*WHAT TO PRODUCE*. Restate word for word only the lines from the one with "马年春节的序幕在书香中拉开。" through the end of the records; no pictures belong in the copy.

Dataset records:
- Opening Delimiter -
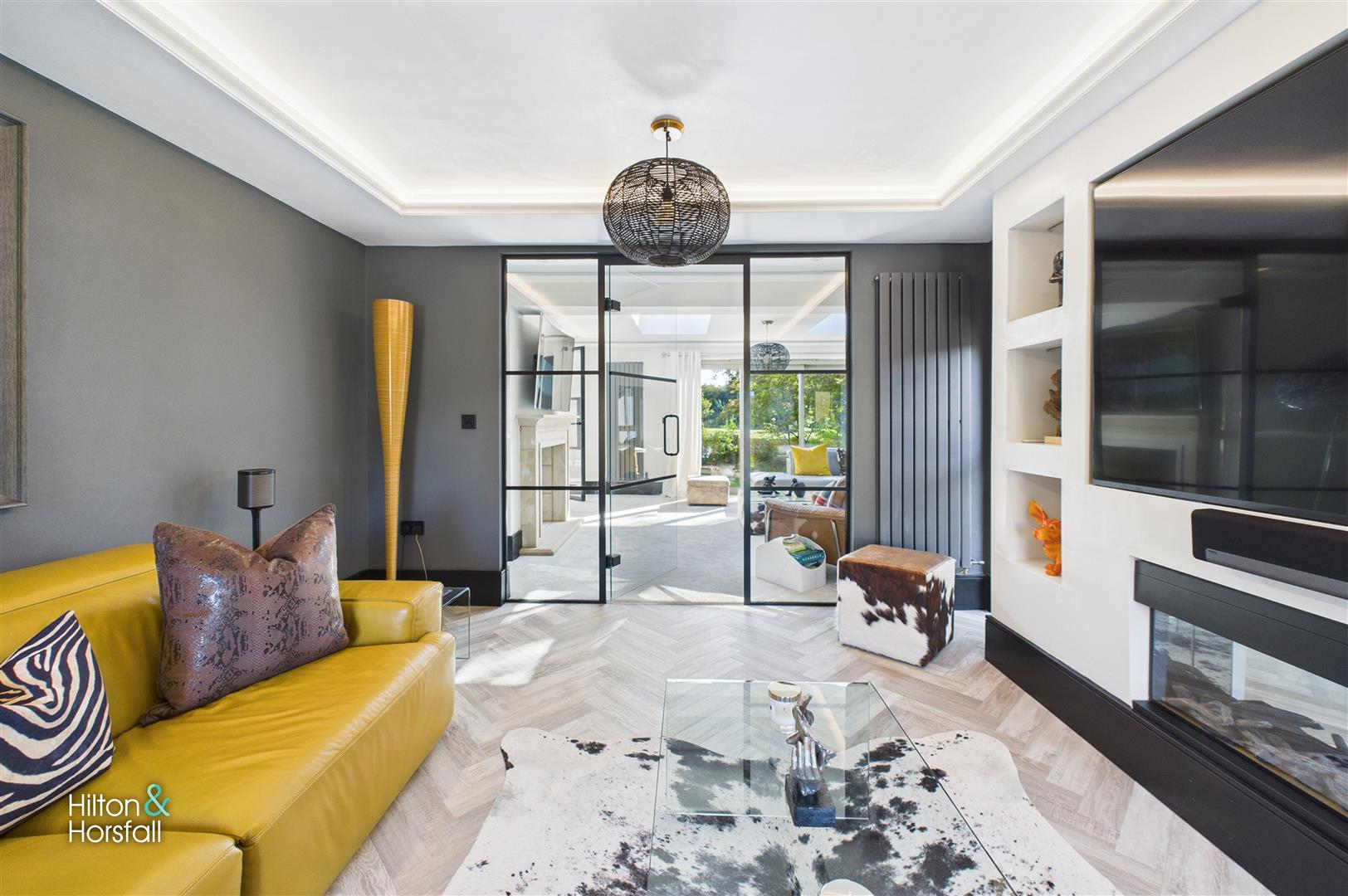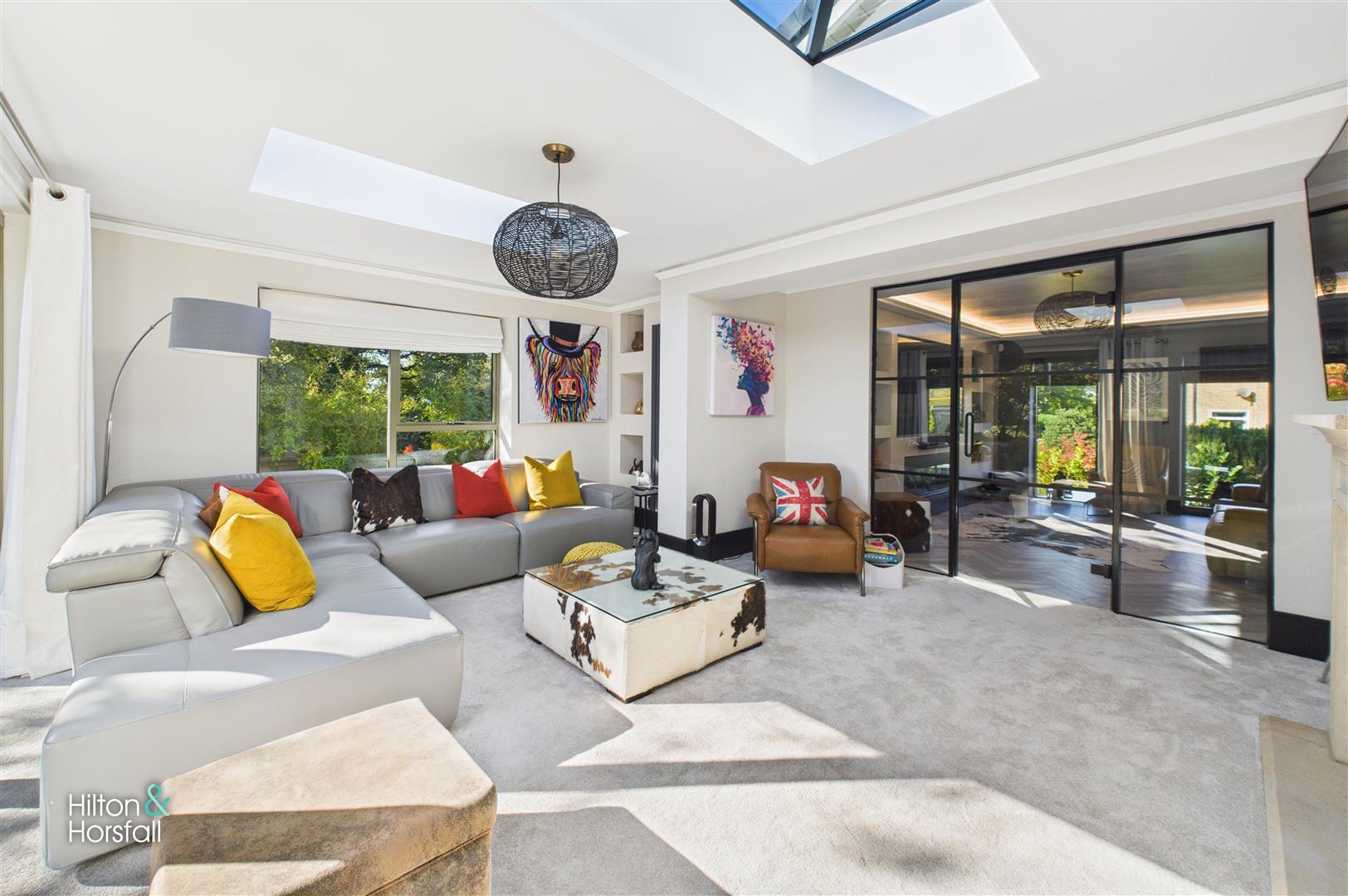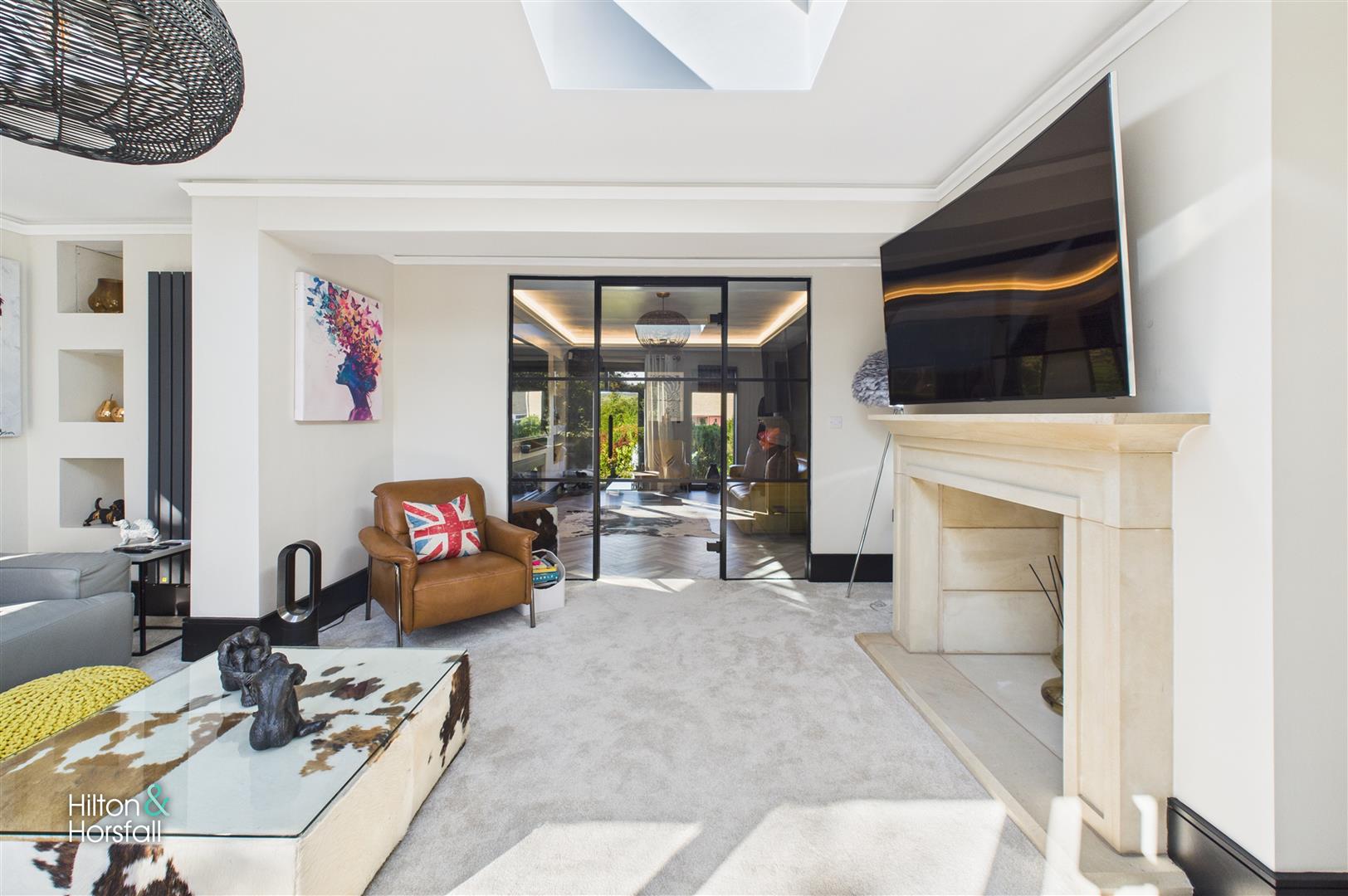 A stunning reception room designed to maximise natural light, featuring two large skylights and full-height glazed doors that open directly onto the landscaped gardens. The room is centred around a contemporary stone fireplace and offers an elegant yet comfortable living space. Stylish décor, recessed shelving, and modern radiators enhance the room’s clean, sophisticated finish.
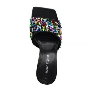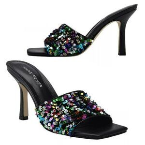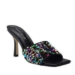 NWT MARC FISHER Women's Danria Sequin Stiletto Heel Sandals Dress Slip-on Heels
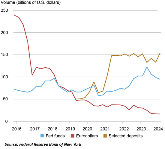 "Selected deposits are unsecured U.S. dollar deposits that also tend to have an overnight maturity, similar to Eurodollars. However, unlike Eurodollars, but like fed funds, selected deposits are booked at bank offices in the U.S."
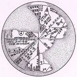 A Babylonian planisphere (7th century BCE). Babylonian astronomy was an early astronomical instrument. Its use of sexagesimals (e.g. 12, 24, 60, 360) is still being used today through having been broadly adopted for timekeeping and astrometry.[15]
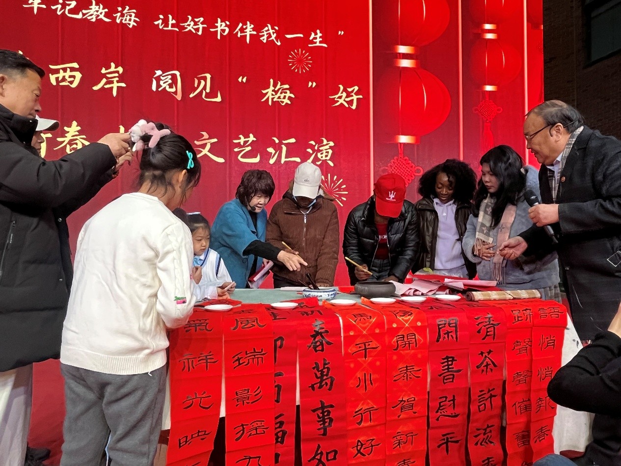 马年春节的序幕在书香中拉开。1月17日,留津留学生代表受邀走进河西区新梅江文体中心图书馆,参加了“四季西岸阅见‘梅’好:新春书香文艺汇演”活动。活动现场,留学生们与天津本地市民欢聚一堂,共同欣赏了精彩纷呈的文艺节目,在书香与年味中展现跨文化交流活力,用武术与笔墨传递新春祝福。
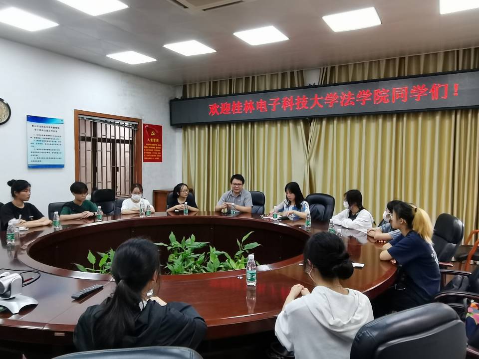 桂林市象山区人民法院政治部胡主任热情接待我院师生并召开了实习座谈会。胡主任对学院师生的到来表示热烈欢迎,向同学们介绍了所分配部门的工作内容和工作纪律等。蒋琼老师再次向同学们强调了安全和纪律问题,提醒同学们互相照顾、互相帮助,鼓励同学们在实习期间积极提高专业水平,提升职业素养,为将来的求职就业积累经验。
- Closing Delimiter -
*FINISHED TASK*.
 马年春节的序幕在书香中拉开。1月17日,留津留学生代表受邀走进河西区新梅江文体中心图书馆,参加了“四季西岸阅见‘梅’好:新春书香文艺汇演”活动。活动现场,留学生们与天津本地市民欢聚一堂,共同欣赏了精彩纷呈的文艺节目,在书香与年味中展现跨文化交流活力,用武术与笔墨传递新春祝福。
 桂林市象山区人民法院政治部胡主任热情接待我院师生并召开了实习座谈会。胡主任对学院师生的到来表示热烈欢迎,向同学们介绍了所分配部门的工作内容和工作纪律等。蒋琼老师再次向同学们强调了安全和纪律问题,提醒同学们互相照顾、互相帮助,鼓励同学们在实习期间积极提高专业水平,提升职业素养,为将来的求职就业积累经验。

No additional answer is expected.